The abrupt halt to the privatisation process brought about by the apex court has restored status quo in the oil industry. HPCL's privatisation was widely expected to change dramatically the underlying equations in the industry. The queue that lined up for the government's stake in the refining major — from Shell and BPAmoco downwards to our very own Reliance Industries — is ample indication of the kind of change that would have occurred in the dynamics of the oil sector had the privatisation gone through.

Now that that is not going to happen, what does the emerging competitive scenario look like? And what does the judgment mean for investors in oil stocks, especially HPCL and BPCL?

The most obvious inference is that the stranglehold of the government oil companies on the retail market will continue into the near future. Their position in the market appears quite secure at least for the next two-three years as the privatisation of HPCL and BPCL will, in all probability, be possible only after the next government takes over in 2004. And this is assuming that the incoming government is reform-minded, and has the required strength in Parliament to get the privatisation proposals through.

The ones to be affected by the developments now are the private players, domestic and multinational, which were banking on acquiring a share of the lucrative market for transportation fuels by buying one of the two companies. Reliance Industries, which was a serious bidder for HPCL, may have to rework and hasten its retail rollout plans now.

Reliance's marketing agreements with the oil companies — Indian Oil, HPCL and BPCL — expire in March 2004 after which it will either have to renew them or go on its own. The latter possibility now appears remote with HPCL going out of the radar screen. Reliance is already implementing its own retail network but it may be sometime before that can take the load of the entire production from its 27-million-tonne refinery. Given Reliance's strength in strategic planning it is likely that a possible failure of the HPCL option has already been factored into its plans. Yet, there is no denying the fact that the latest development imposes additional pressure on the company to hasten its own rollout plans.

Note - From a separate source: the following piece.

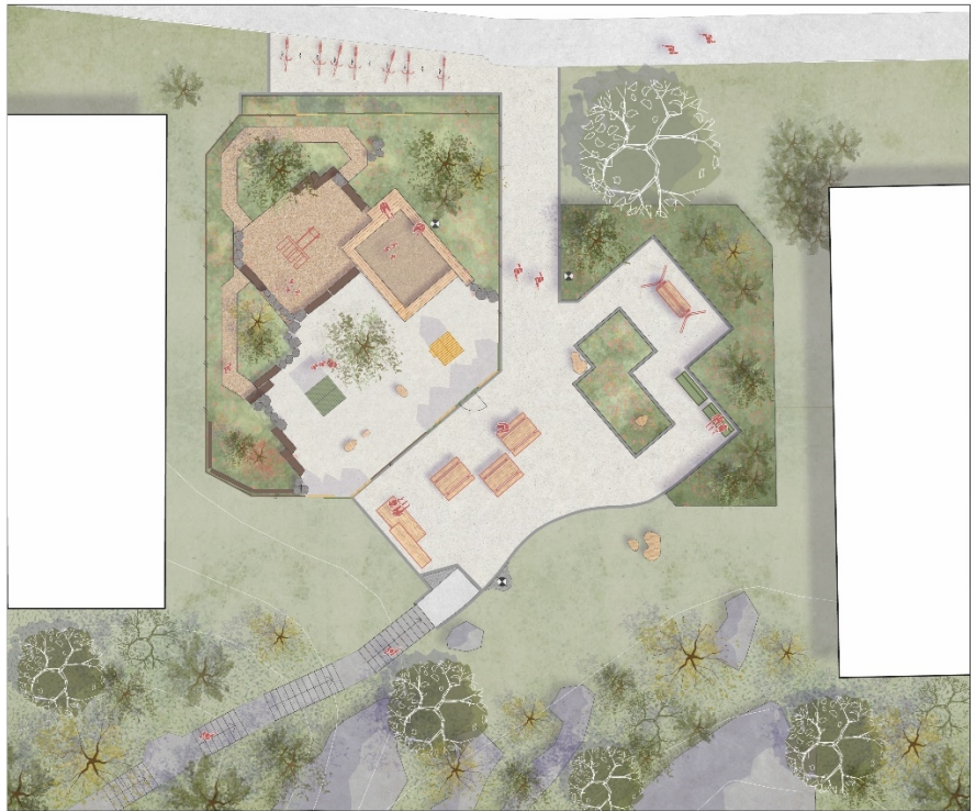
Figur 2 - Illustrationsplan som redovisar Disponentparkens planerade förnyelse. Illustrationsplanen med förklaringar bifogas även tjänsteutlåtandet.

Multinational companies, such as Shell, which had just commenced due-diligence of HPCL, will now have to consider other options of entering the Indian market. Shell already has a licence from the Government to set up 1,500 retail outlets, and one option that it must be considering is an independent rollout serviced by products from its refineries in the South-East Asian region.

The biggest losers will be the consumers themselves as the oil sector continues to be under government control with the attendant disadvantages, which are many. We are already seeing how despite the existence of a so-called free-market, the government still exercises control over pricing of fuels. The entry of a strong private player would have made it that much more difficult for the government to continue to wield its influence.

The HPCL stock may now lose some of its sheen. In fact, it dropped sharply on the day of the judgment but has now recovered marginally. The stock is already trading at about 18 times its annualised first quarter earnings. With a good second quarter earnings report expected, the stock may continue to trade at current levels in the run-up to the earnings announcement in October but may weaken thereafter.

The existing gap between the valuations of BPCL and HPCL may also narrow further in the days ahead. In fact, it already has to a large extent after the court verdict.

Historically, BPCL, as the more sprightly company, has traded at a premium to HPCL. But this situation reversed once HPCL was put on the strategic sale list. We could well see BPCL again surging forward in the absence of the privatisation handicap.

A point to ponder while discussing the valuations of HPCL is the large holdings of the stock by mutual funds. It is as yet unclear as to what strategy they are likely to adopt. But if they decide to capitalise on the existing valuations, the HPCL stock could be headed south.